From the Department of Radiology, Brigham and Women's Hospital and Harvard Medical School, 399 Revolution Dr, Somerville, MA 02145 (A.F., D.K., V.K.T., C.C., R.K.); Institute for Systems Biology, Seattle, Wash (W.J.R.L., D.L.G.); General Dynamics Information Technology, Rockville, Md (D.P.); PixelMed Publishing, Bangor, Pa (D.A.C.); Isomics, Cambridge, Mass (S.D.P.); Departments of Radiology (C.B.) and Pathology (M.D.H.), Massachusetts General Hospital and Harvard Medical School, Boston, Mass; Fraunhofer MEVIS, Bremen, Germany (A.H., D.P.S.); Radical Imaging, Boston, Mass (R.L.); Artificial Intelligence in Medicine Program, Mass General Brigham, Harvard Medical School, Boston, Mass (H.J.W.L.A., D.B.); Radiology and Nuclear Medicine, CARIM & GROW, Maastricht University, Maastricht, the Netherlands (H.J.W.L.A., D.B.); Frederick National Laboratory for Cancer Research, Rockville, Md (T.P., U.W.); and National Cancer Institute, Bethesda, Md (K.F., E.K.).

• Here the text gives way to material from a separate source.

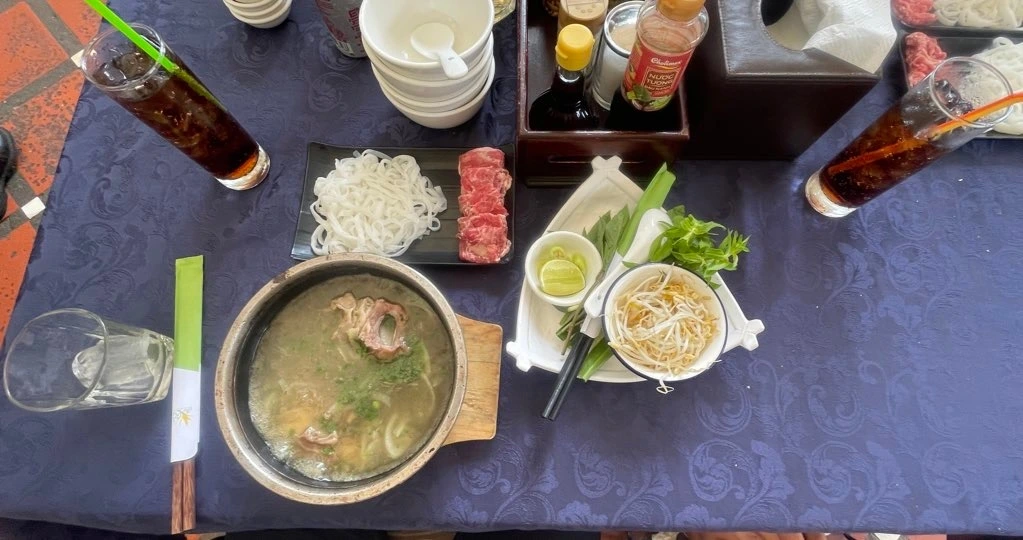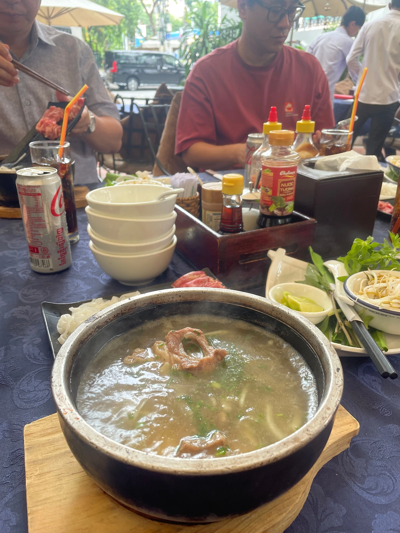 이후, 친구와의 마지막 일정으로 아침 겸 점심을 먹으러 이동했다. 이동하며 캄보디아의 다양한 상황에 대해 이야기를 나누며 이동했다. 대학을 나온 은행직원도 신입은 월급이 400달러 정도밖에 되지 않는다고 한다. 점심은 그래서 대부분 싸서 다니고, 밖에서 사 먹을 경우에도 1-2달러 정도로 소비한다고 한다. 물론 대리급은 1,000달러가 넘기도 하지만 아직 저개발국을 갓 벗어난 캄보디아의 양면을 느끼게 해주는 대화였다. 5성급 카지노에서 돈을 탕진하는 가진 자와 오늘도 구걸로 하루를 연명하는 가난한 자들이 뒤섞인 프놈펜, 라오스의 가난과는 한참 다른 모습과 기억으로 남아있다. 짧은 대화 끝에 도착한 식당은 베트남 식당이었다. 지점장 친구가 베트남과 인도네시아에서도 근무했었는데, 아직 6개월의 캄보디아 생활에 완벽히 적응하지 못한 모양이었다. 특히, 음식에 대해서는. 자주 오는 식당이라 본인이 알아서 시킨다고 했다. 한국인 입맛에 가장 맞는 것이 베트남 음식이라 생각하고 있어 그의 선택에 맡겼다. 오늘의 아침 겸 점심 메뉴는 뚝배기 도가니 안심 쌀국수와 소 내장 구이 모둠이었다. 역시 우리 입맛에 착 달라붙는 것을 넘어 상당한 맛을 선사했다.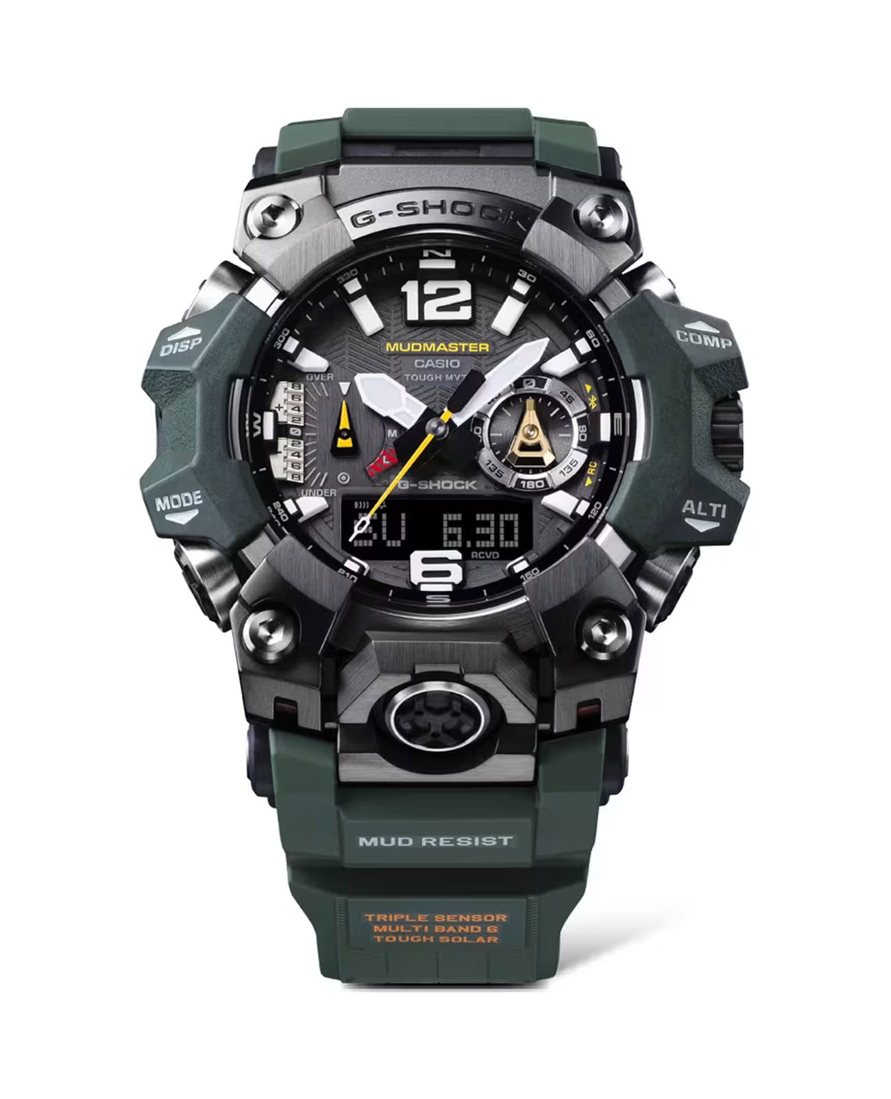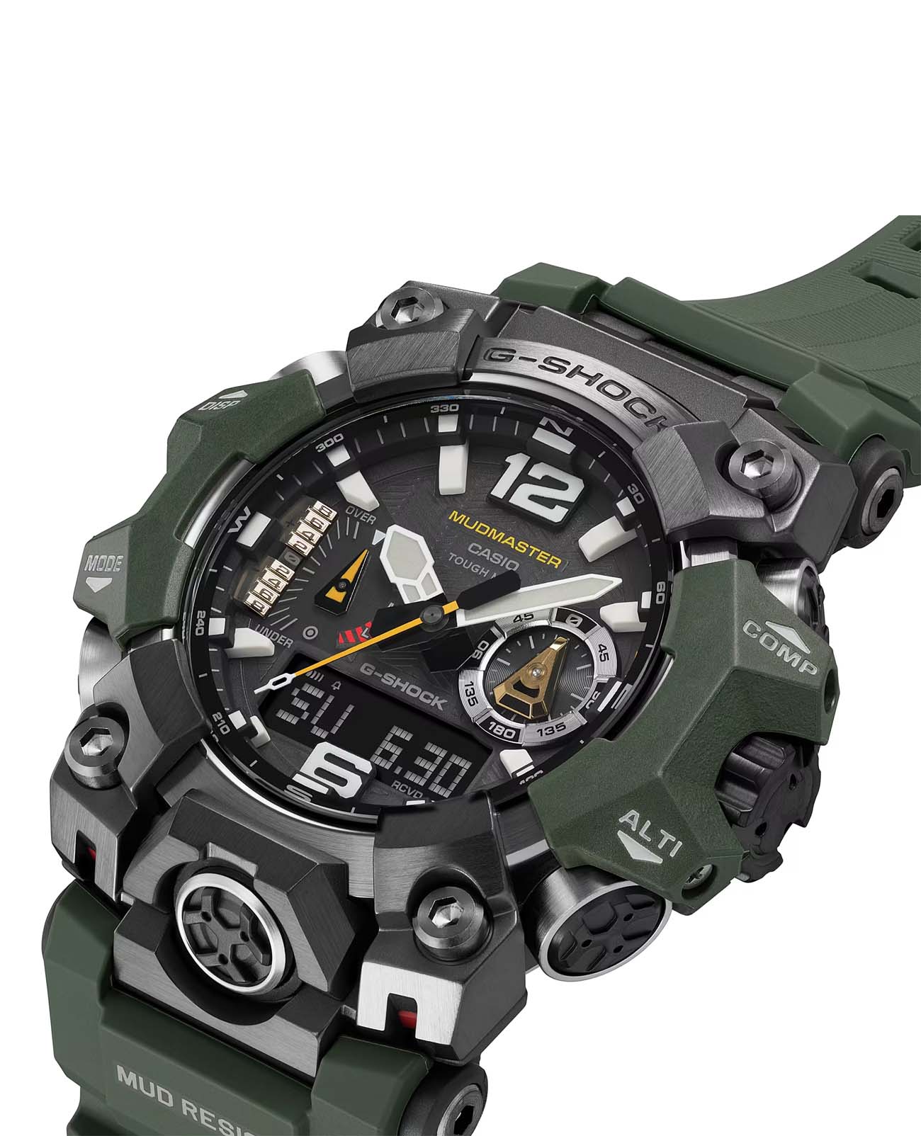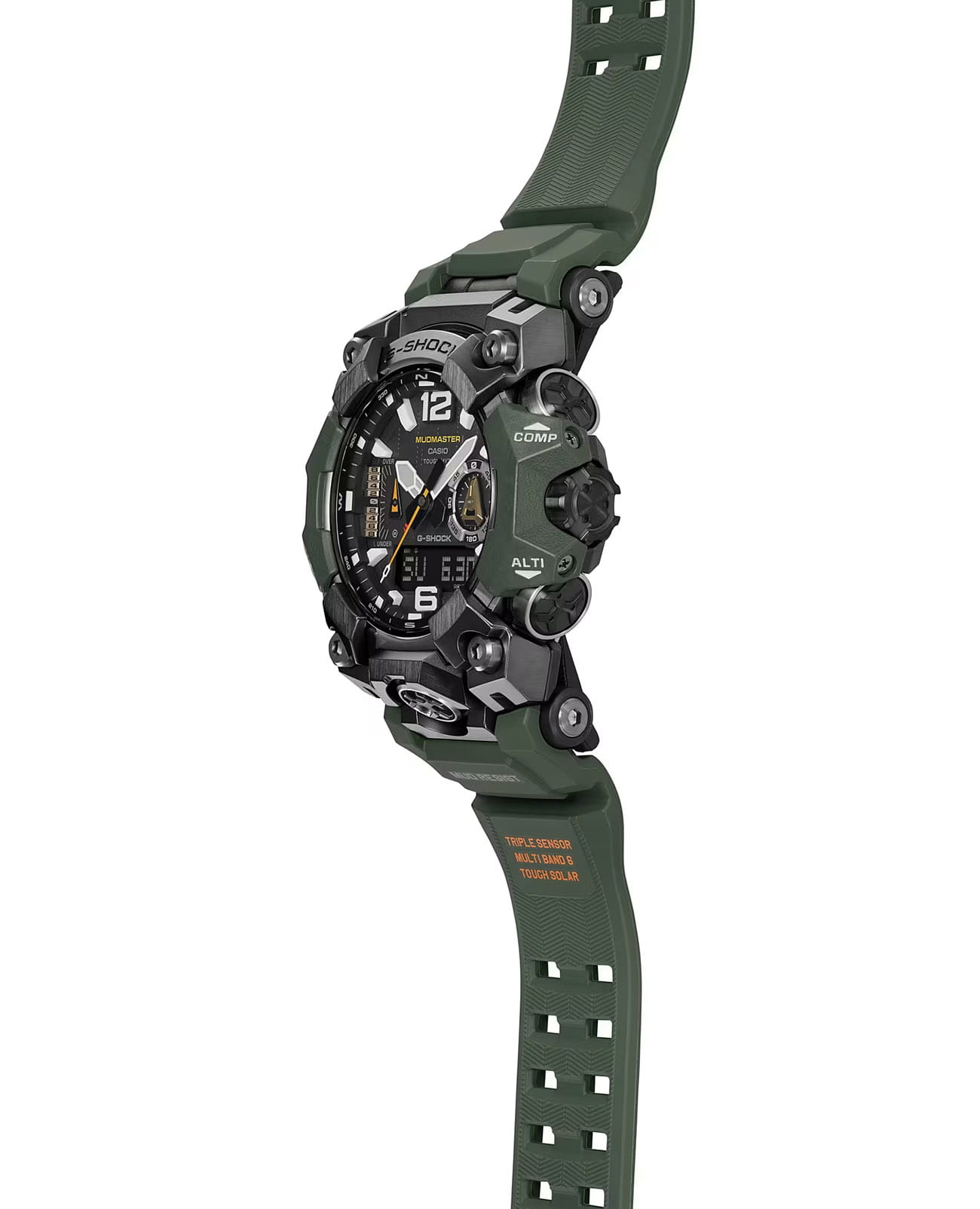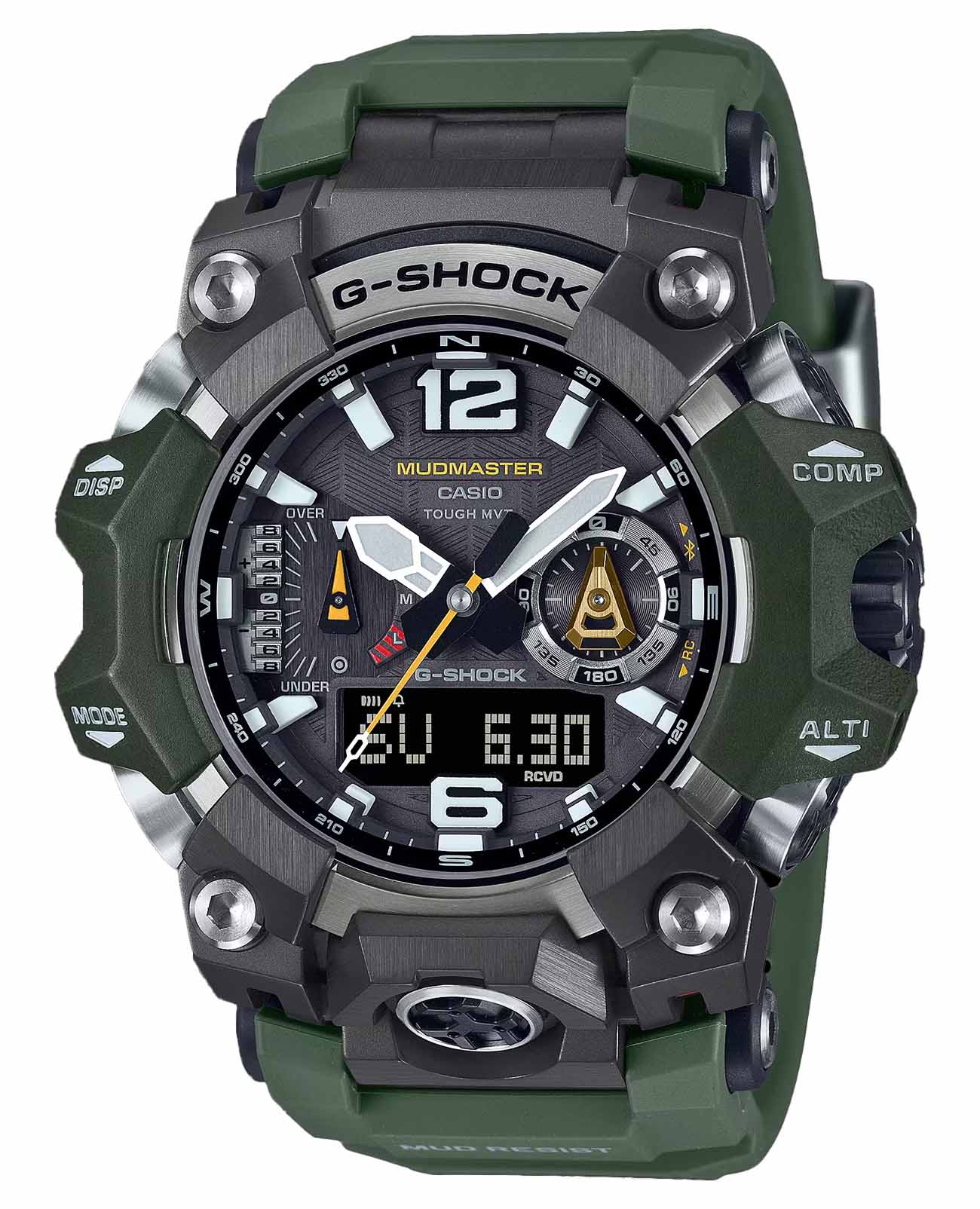 Спортивные японские мужские часы с секундомеромСекундомерСекундоме́р — прибор, способный измерять интервалы времени с точностью до долей секунды. и хронографомХронографФункция позволяет измерять отрезки времени с особой точностью: часы, минуты, секунды. Верным признаком хронографа является наличие на циферблате 3 дополнительных окошек-счётчиков. Casio G-Shock GWG-B1000-3ADR, кварцевый механизм с высокой точностью. Часы G-SHOCK Master из линейки G, разработанные для профессионалов, работающих в самых суровых условиях, оснащены еще более совершенной функциональностью. Питание от солнечной энергии Tough Solar - солнечные батарейки большой мощности, индикатор заряда батареи. Функция автоматического сохранения энергии. Время работы аккумулятора без подзарядки приблизительно 5 месяцев, при включенной функции сохранения энергии приблизительно 18 месяцев. Ударопрочный корпусУдаропрочный корпусМеханизм заключён в корпус, выполненный из современных материалов, устойчивых к ударам, механическим повреждениям и падению с высоты: инновационный пластик, карбон, нержавеющая сталь, титан. с DLC-покрытиемDLC-покрытиеDiamond like carbon - одно из лучших видов покрытия, представляющее собой углерод с алмазными свойствами. На поверхность материала наносятся распавшиеся молекулы углерода, превращающиеся в плёнку из алмазоподобных связей, которая перенимает твёрдость алмаза. защищает механизм от ударов и вибрации. СекундомерСекундомерСекундоме́р — прибор, способный измерять интервалы времени с точностью до долей секунды. с точностью показаний 1с и временем измерения 24ч. Мировое времяМировое время Полезное часовое усложнение, отображающее время в основных городах и известных областях по всему миру, оно связано с часовыми поясами, удобно для путешественников и бизнесменов. – 27 часовых поясов. Встроенный GPSGPSСистема спутниковой навигации. Часы оснащены приёмником GPS-сигнала, который получает необходимую информацию по GSM, GPRS, со спутников. Принимая сигнал, наручные часы могут установить точные показатели времени и даты, часовой пояс, сообщить местоположение своего владельца.

Radiographics. 2023 Dec;43(12):e230180. doi: 10.1148/rg.230180.
The remarkable advances of artificial intelligence (AI) technology are revolutionizing established approaches to the acquisition, interpretation, and analysis of biomedical imaging data. Development, validation, and continuous refinement of AI tools requires easy access to large high-quality annotated datasets, which are both representative and diverse. The National Cancer Institute (NCI) Imaging Data Commons (IDC) hosts large and diverse publicly available cancer image data collections. By harmonizing all data based on industry standards and colocalizing it with analysis and exploration resources, the IDC aims to facilitate the development, validation, and clinical translation of AI tools and address the well-documented challenges of establishing reproducible and transparent AI processing pipelines. Balanced use of established commercial products with open-source solutions, interconnected by standard interfaces, provides value and performance, while preserving sufficient agility to address the evolving needs of the research community. Emphasis on the development of tools, use cases to demonstrate the utility of uniform data representation, and cloud-based analysis aim to ease adoption and help define best practices. Integration with other data in the broader NCI Cancer Research Data Commons infrastructure opens opportunities for multiomics studies incorporating imaging data to further empower the research community to accelerate breakthroughs in cancer detection, diagnosis, and treatment. Published under a CC BY 4.0 license.
人工智能 (AI) 技术的显著进步正在彻底改变生物医学成像数据的获取、解释和分析的既定方法。AI 工具的开发、验证和持续改进需要轻松访问大型高质量注释数据集,这些数据集既具有代表性又具有多样性。美国国家癌症研究所 (NCI) 成像数据共享 (IDC) 托管了大型且多样化的公开可用癌症图像数据集。通过基于行业标准对所有数据进行协调,并将其与分析和探索资源进行本地化,IDC 旨在促进 AI 工具的开发、验证和临床转化,并解决建立可重复和透明的 AI 处理管道的有据可查的挑战。通过标准接口互联的成熟商业产品与开源解决方案的平衡使用,提供了价值和性能,同时保持了足够的灵活性,可以满足研究社区不断发展的需求。强调开发工具、使用案例来展示统一数据表示的实用性以及基于云的分析,旨在促进采用并帮助定义最佳实践。与更广泛的 NCI 癌症研究数据共享基础架构中的其他数据的集成,为纳入成像数据的多组学研究开辟了机会,进一步增强了研究社区在癌症检测、诊断和治疗方面取得突破的能力。根据 CC BY 4.0 许可发布。